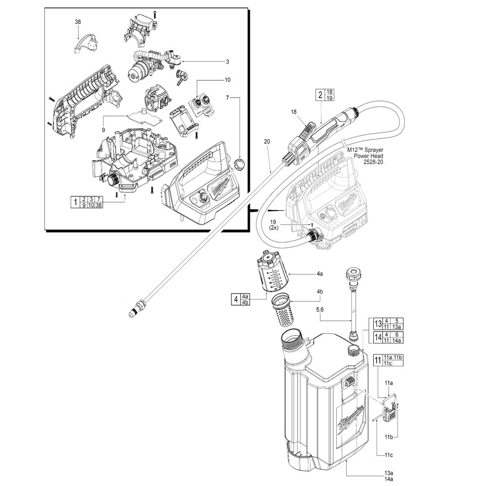อะไหล่ เครื่องพ่นยาไร้สาย Milwaukee รุ่น BHCS7L-0 ถัง 7 ลิตร 12 โวลต์ (ตัวเปล่า)
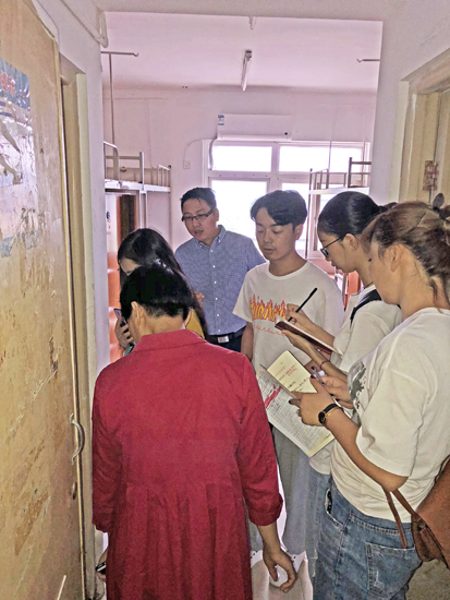在4A、4B和3B学生宿舍,刘书记在走访了高年级学生宿舍后,与18级新生辅导员一道,在学校宿管工作人员的配合下,分头带领18级新生副班主任,仔细查看了宿舍设施,对宿舍门锁、电气、上下水管、龙头、空调、门窗等各处细节进行了细致的查看。对于检查过程中发现仍存在的极个别问题,刘书记指导辅导员和同学们认真做了记录,稍后汇总向宿管和维修部门反馈。
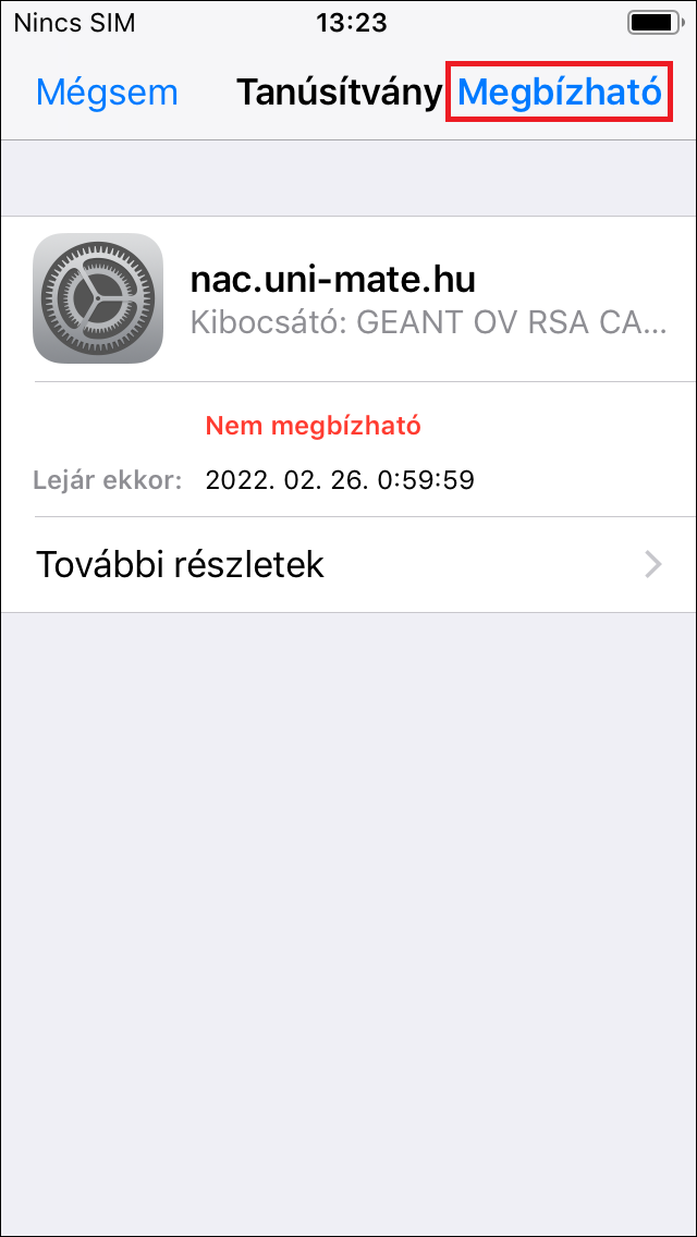 5. Ha szükséges akkor a következő lapon kattintson a Megbízható feliratra a tanúsítvány elfogadásához.
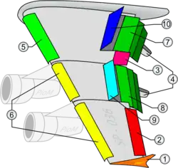 7. Drievoudig uitschuifbare binnenste welvingsklep (Engels: (trailing-edge) flap) zowel de binnenste als de buitenste flap dienen om voldoende lift te genereren bij lage snelheden
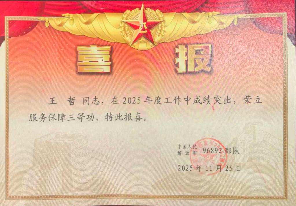近日,中国人民解放军96892部队发来喜报:学校2016级定向培养军士王哲,因2025年度在新闻宣传岗位上的突出贡献,被授予“服务保障三等功”。这是他继2024年获评“三级优秀政治教员”后,再获部队重要表彰。
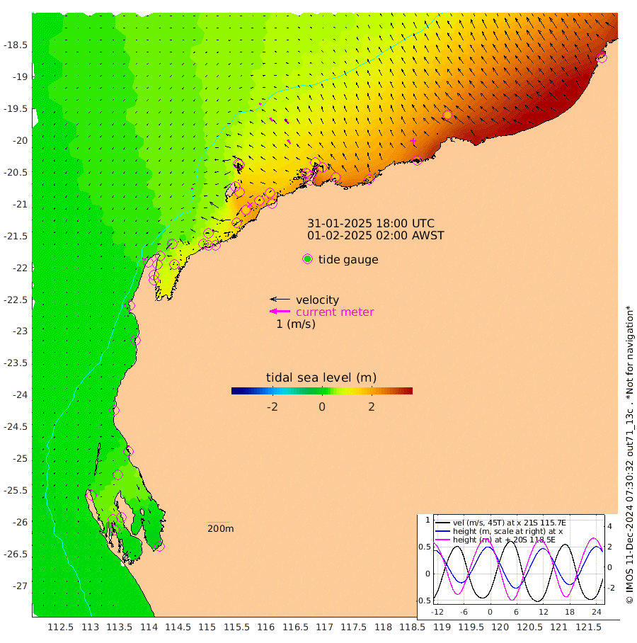 9cm/s -88T +12cm/s rms + 5cm/s -173T. NWSBAR 206m 8cm/s -137T +22cm/s rms + 10cm/s -148T. TAN100 109m 11cm/s -66T +11cm/s rms + 8cm/s -129T. PIL200 208m 20cm/s -46T +13cm/s rms + 7cm/s -137T. PIL100 105m 24cm/s -39T +12cm/s rms + 2cm/s -92T. PIL050 55m 8cm/s -131T +18cm/s rms + 4cm/s -149T. NRSNIN 61m 30cm/s -39T +6cm/s rms + 3cm/s 112T. NW Shelf M6 65m 35cm Withnell Point 43cm Denham 40cm Shark Bay (Inr Bn) 42cm Shark Bay 34cm Useless Loop -7cm Hamelin Pool 40cm Carnarvon 18cm Cape Cuvier 19cm Coral Bay 22cm Norwegian Bay 91cm Badjirrajirra 29cm Tantabiddi 62cm Point Murat 80cm Exmouth 93cm Learmonth 70cm Y Island 46cm North Muiron Island 57cm Roller 59cm Ashburton North 70cm Onslow (Beadon Creek) 63cm Thevenard Island 127cm Large Island 150cm North Sandy Island 100cm Barrow Island (Wapet Landing) 152cm Barrow Island (Tanker Mooring) 134cm Withnell Bay 93cm Trimouille Island 79cm North West Island 139cm Fortescue Road 140cm Steamboat Island 149cm Sholl Island 133cm Fairway Beacon 133cm Mawby Island 134cm Dampier (King Bay) 127cm Cape Legendre 161cm Hauy Island 176cm Port Walcott (Cape Lambert) 206cm Depuch Island 217cm Port Hedland 191cm Bedout Island 204cm Lagrange Bay
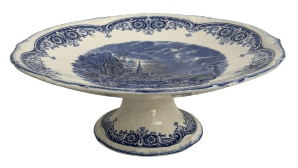• Elegante fruteira e ou centro de mesa em porcelana inglesa, decoração azul transferware com cena Salisbury Cathedral, borda floral clássica e base pedestal. Marca Made in England no reverso. Peça decorativa e utilitária, de inspiração vitoriana. Mede 24,5 cm diâmetro.
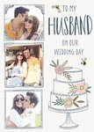 To My Husband On Our Wedding Day - Floral Photo Upload Wedding card
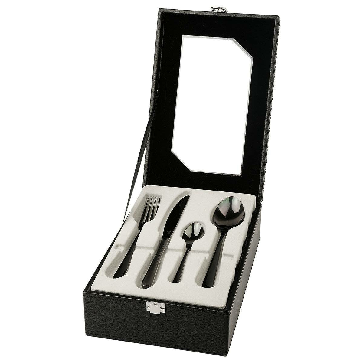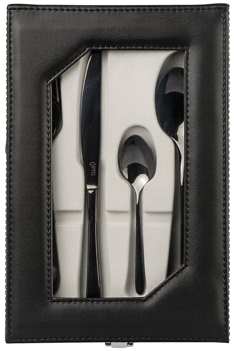 Набор столовых приборов GIPFEL MONTENEGRO 51236. В наборе 24 предмета на 6 персон. В состав набора входят 6 столовых ложек, 6 чайных ложек, 6 вилок и 6 столовых ножей. Предметы изготовлены из нержавеющей стали 18/10. Столовые приборы имеют благородный черный цвет и сатиновую полировку. Специальное PVD покрытие дополнительно защищает материал от коррозии и экологически безопасно. Приборы рекомендуется мыть вручную мягкими моющими средствами. Столовые приборы упакованы в подарочную черную коробку.
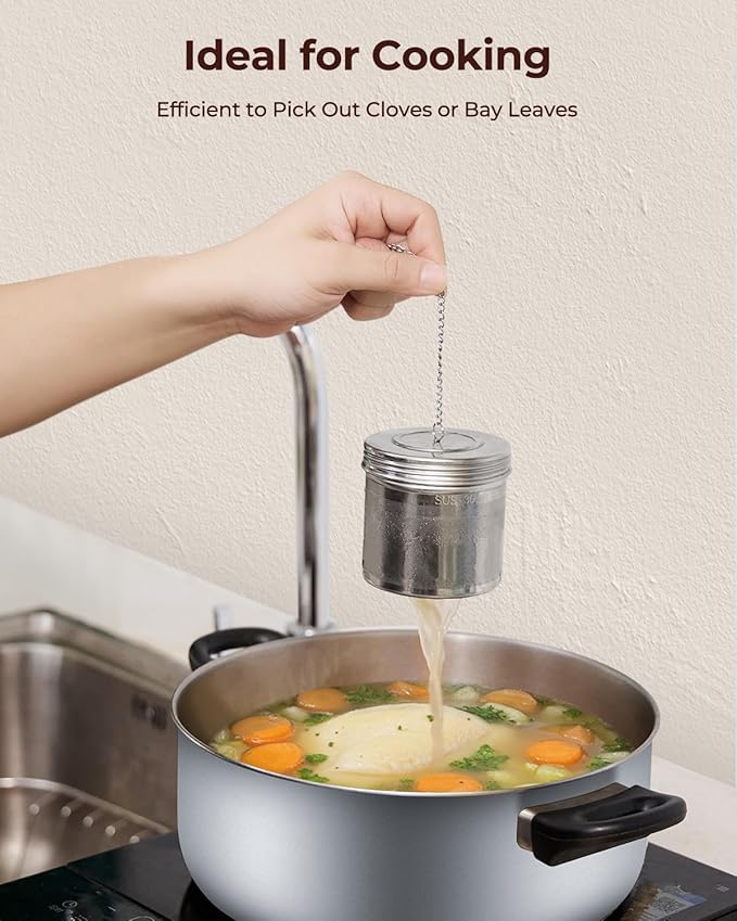 - Wide Application: Comes with 2 loose leaf tea infusers, one for making tea, the other one for cooking. With Extended 7.8'' chains with hook, the large tea steeper can catch securely on any rim of large pitcher, pan, pot, tea kettle or teapot. [Notice]: Ensure the diameter of your container is less than 3.2" to accommodate the infuser's lid diameter

══════

Task instructions:
For this exercise, return exactly the lines above from the line with "7. Drievoudig uitschuifbare" through the line with "近日,中国人民解放军9689", both included. Do not copy the pictures.

Task answer:
 7. Drievoudig uitschuifbare binnenste welvingsklep (Engels: (trailing-edge) flap) zowel de binnenste als de buitenste flap dienen om voldoende lift te genereren bij lage snelheden
近日,中国人民解放军96892部队发来喜报:学校2016级定向培养军士王哲,因2025年度在新闻宣传岗位上的突出贡献,被授予“服务保障三等功”。这是他继2024年获评“三级优秀政治教员”后,再获部队重要表彰。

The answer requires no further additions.